Читаем Свободная ладья полностью

О Клавдии в селе тоже судили по-разному, считая – не всякий человек волен исправить свою судьбу. Кто-то может, а у кого-то силёнок нет. У Клавдии вот сил не хватило: дважды была замужем, одна троих детей растит, двое из них – внебрачные. Такой характер – она и на одной работе долго не может, пять или шесть мест сменила, – но зато добрая, уступчивая, ни с кем никогда не ругается, говорили ее защитники. И заводная – за праздничным столом первая петь начинает. Вспоминают: совсем девчонкой песенку где-то подхватила, пела на всё село, пританцовывая: «Ах, жила-была коза! Йо-йо-йо! На копытах тормоза! Йо-йо-йо!»

Росли Пётр с Клавдией без отца – он рано умер. Мать в совхозе работала. Жили скудно, ходили в обносках, но уже тогда разность характеров сестры и брата определилась: смешливая Клавдия ко всему относилась легко, не стеснялась в поношенном платье в клуб на танцы бегать, а Пётр был обидчив и замкнут, предпочитал сидеть по вечерам дома над книгами. «Этот своего добьётся», – говорили о нём. И не ошиблись.

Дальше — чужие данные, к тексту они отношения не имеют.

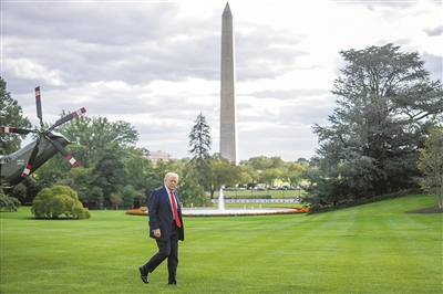 近日,在华盛顿,美国总统特朗普乘直升机返回白宫。 新华社记者 胡友松 摄
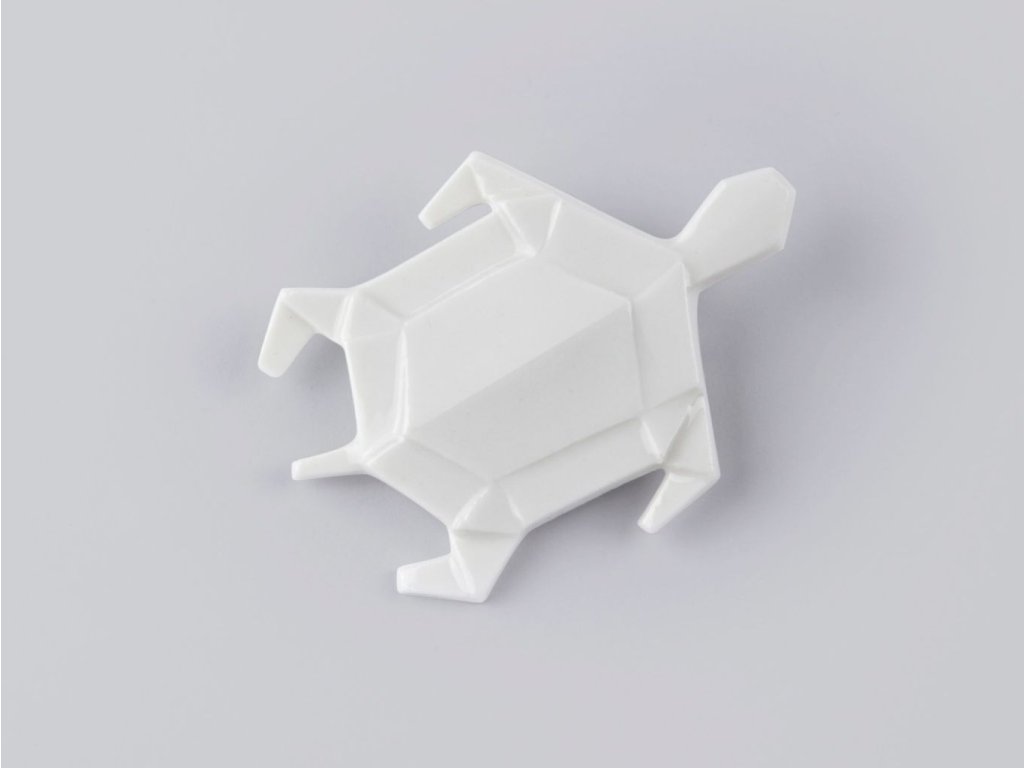Jemná porcelánová brošňa v tvare korytnačky čerpá inšpiráciu z tradičného japonského umenia Origami. Jej geometrická forma spája precíznosť dizajnu s hĺbkou symboliky, čím vzniká šperk s výnimočným posolstvom.

Правда, прежде чем основать три свои фирмы, купить квартиру в городе и «Жигули»-девятку, а к дому матери пристроить кирпичную «дачу» (так он её называл), пришлось ему, по его же словам, нелегко: был малооплачиваемым инженером, пока не сообразил своё дело начать. Взял в аренду баню-развалюху в пригороде. Отстроил, парную завёл и два бассейна. Народ пошёл, даже – поехал, на «Жигулях» и иномарках, мест не хватало, входные билеты стали брать заранее, сразу на два сеанса.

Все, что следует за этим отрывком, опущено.